Héctor Nespral

Personal information
- Full name: Héctor Fernández Fernández-Nespral
- Date of birth: 8 February 1993 (age 32)
- Place of birth: Oviedo, Spain
- Position(s): Midfielder

Team information
- Current team: Unionistas
- Number: 8

Youth career
- 2004–2012: Oviedo

Senior career*
- Years: Team / Apps / (Gls)
- 2012–2016: Oviedo B / 108 / (18)
- 2012–2013: → Astur (loan) / 26 / (2)
- 2016–2017: Oviedo / 2 / (0)
- 2017–2019: Langreo / 66 / (12)
- 2019–2020: Barakaldo / 14 / (4)
- 2020-: Unionistas / 114 / (9)

= Héctor Nespral =

Spanish footballer

Héctor Fernández Fernández-Nespral (born 8 February 1993) is a Spanish footballer who plays for Unionistas de Salamanca CF as a central midfielder.

==Club career==
Born in Oviedo, Asturias, Héctor joined Real Oviedo's youth setup in 2004, aged 11. He made his senior debut with the reserves on 10 March 2012, coming on as a second-half substitute in a 0–1 home loss against CD Cudillero in the Tercera División championship.

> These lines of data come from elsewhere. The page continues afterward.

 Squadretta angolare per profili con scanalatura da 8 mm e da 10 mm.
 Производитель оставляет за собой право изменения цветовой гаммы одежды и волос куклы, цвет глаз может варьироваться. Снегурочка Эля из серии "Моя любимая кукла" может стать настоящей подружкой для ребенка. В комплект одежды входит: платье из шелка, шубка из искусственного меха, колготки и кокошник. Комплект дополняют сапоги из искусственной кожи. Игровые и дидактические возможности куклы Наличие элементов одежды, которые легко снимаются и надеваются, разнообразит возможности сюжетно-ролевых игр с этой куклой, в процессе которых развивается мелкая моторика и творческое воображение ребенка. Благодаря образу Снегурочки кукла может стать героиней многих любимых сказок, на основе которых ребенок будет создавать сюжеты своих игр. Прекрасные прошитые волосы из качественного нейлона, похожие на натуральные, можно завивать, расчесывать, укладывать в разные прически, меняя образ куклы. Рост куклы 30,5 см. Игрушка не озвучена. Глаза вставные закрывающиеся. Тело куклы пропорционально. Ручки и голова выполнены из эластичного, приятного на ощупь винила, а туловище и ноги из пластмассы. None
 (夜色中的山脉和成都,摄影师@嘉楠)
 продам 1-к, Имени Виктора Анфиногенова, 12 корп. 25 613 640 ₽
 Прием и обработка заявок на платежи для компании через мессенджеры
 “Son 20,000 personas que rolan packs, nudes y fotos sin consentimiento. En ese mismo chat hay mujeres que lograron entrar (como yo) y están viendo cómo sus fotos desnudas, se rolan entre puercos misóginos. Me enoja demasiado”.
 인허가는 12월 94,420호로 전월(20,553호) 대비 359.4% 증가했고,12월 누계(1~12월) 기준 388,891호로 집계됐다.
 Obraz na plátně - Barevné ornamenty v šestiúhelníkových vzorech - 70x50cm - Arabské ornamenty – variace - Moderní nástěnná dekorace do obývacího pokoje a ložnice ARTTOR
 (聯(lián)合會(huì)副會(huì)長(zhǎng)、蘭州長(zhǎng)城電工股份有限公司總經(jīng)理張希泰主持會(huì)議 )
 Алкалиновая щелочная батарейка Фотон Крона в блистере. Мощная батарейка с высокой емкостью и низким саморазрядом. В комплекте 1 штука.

In November 2012, Héctor was loaned to Astur CF until the end of the season. After returning from his loan stint, he was a regular starter for the B-side in the fourth tier, scoring a career-best nine goals in the 2015–16 campaign.

On 4 June 2016 Héctor made his professional debut, starting in a 0–5 away loss against CA Osasuna in the Segunda División championship. On 19 August, he was definitely promoted to the main squad.
For 2017/2018 season Nespral moved to UP Langreo and was able to promote to the Segunda División B.